Handling HTTP Requests: The function starts by extracting the query and searchTerm from the HTTP request. It checks if the Authorization header is present and extracts the bearer token.
Authentication: Using the bearer token, it obtains an OBO token from Microsoft's identity platform using getOboToken defined above.
Initializing the Graph Client: With the OBO token, it initializes the Microsoft Graph client using initGraphClient defined above.
Document Search: It constructs a search query and sends it to the Microsoft Graph API to find documents based on the searchTerm.
Document Processing: For each document returned by the search:
-
It retrieves the document content using getDriveItemContent.
-
It converts the document to base64 string and restructures it to match the
openaiFileResponse
structure.
Response: The function sends them back in the HTTP response.
module.exports = async function (context, req) {
// const query = req.query.query || (req.body && req.body.query);
const searchTerm = req.query.searchTerm || (req.body && req.body.searchTerm);
if (!req.headers.authorization) {
context.res = {
status: 400,
body: 'Authorization header is missing'
};
return;
}
/// The below takes the token passed to the function, to use to get an OBO token.

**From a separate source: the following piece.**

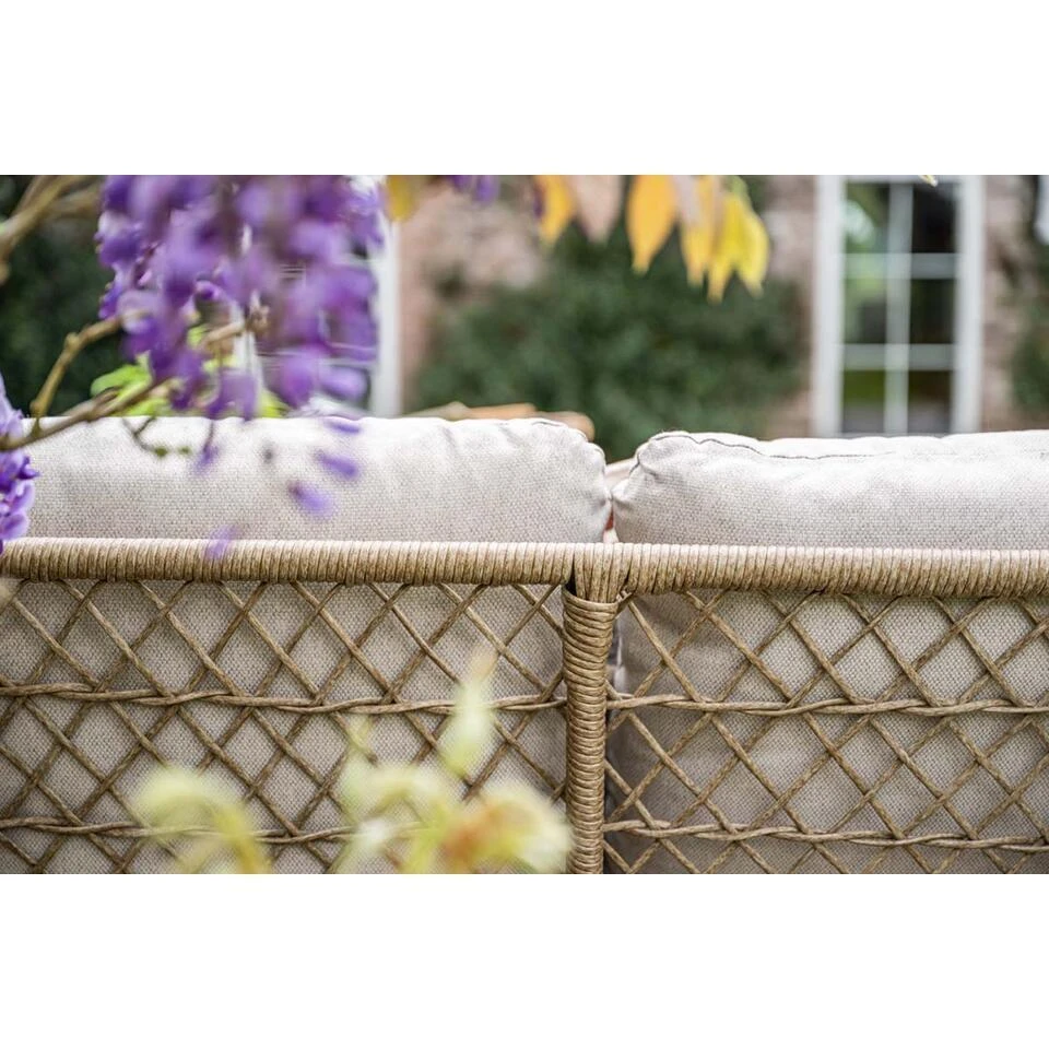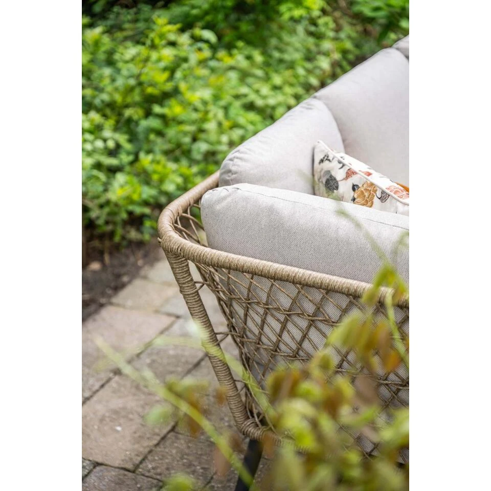 De GI Allassio lounge-dining hoekset combineert elegantie met duurzame materialen. Het aluminium frame is licht van gewicht en voorzien van een poedercoating, wat zowel een moderne uitstraling als bescherming tegen weersinvloeden biedt. Het zitgedeelte onderscheidt zich door een verfijnd touwpatroon van rope, een sterk kunststof materiaal dat doet denken aan wicker. Deze weerbestendige loungeset is gemakkelijk te reinigen en ontworpen voor langdurig gebruik. Voor optimaal plezier wordt aangeraden de kussens op te bergen wanneer ze niet in gebruik zijn.

const bearerToken = req.headers.authorization.split(' ')[1];
let accessToken;
try {
accessToken = await getOboToken(bearerToken);
} catch (error) {
context.res = {
status: 500,
body: `Failed to obtain OBO token: ${error.message}`
};
return;
}
// Initialize the Graph Client using the initGraphClient function defined above
let client = initGraphClient(accessToken);
// this is the search body to be used in the Microsft Graph Search API: https://learn.microsoft.com/en-us/graph/search-concept-files
const requestBody = {
requests: [
{
entityTypes: ['driveItem'],
query: {
queryString: searchTerm
},
from: 0,
// the below is set to summarize the top 10 search results from the Graph API, but can configure based on your documents.
size: 10
}
]
};
try {
// This is where we are doing the search
const list = await client.api('/search/query').post(requestBody);
const processList = async () => {
// This will go through and for each search response, grab the contents of the file and summarize with gpt-3.5-turbo
const results = [];
await Promise.all(list.value[0].hitsContainers.map(async (container) => {
for (const hit of container.hits) {
if (hit.resource["@odata.type"] === "#microsoft.graph.driveItem") {
const { name, id } = hit.resource;
// The below is where the file lives
const driveId = hit.resource.parentReference.driveId;
// we use the helper function we defined above to get the contents, convert to base64, and restructure it
const contents = await getDriveItemContent(client, driveId, id, name);
results.push(contents)
}
}));
return results;
};
let results;
if (list.value[0].hitsContainers[0].total == 0) {
// Return no results found to the API if the Microsoft Graph API returns no results
results = 'No results found';
} else {
// If the Microsoft Graph API does return results, then run processList to iterate through.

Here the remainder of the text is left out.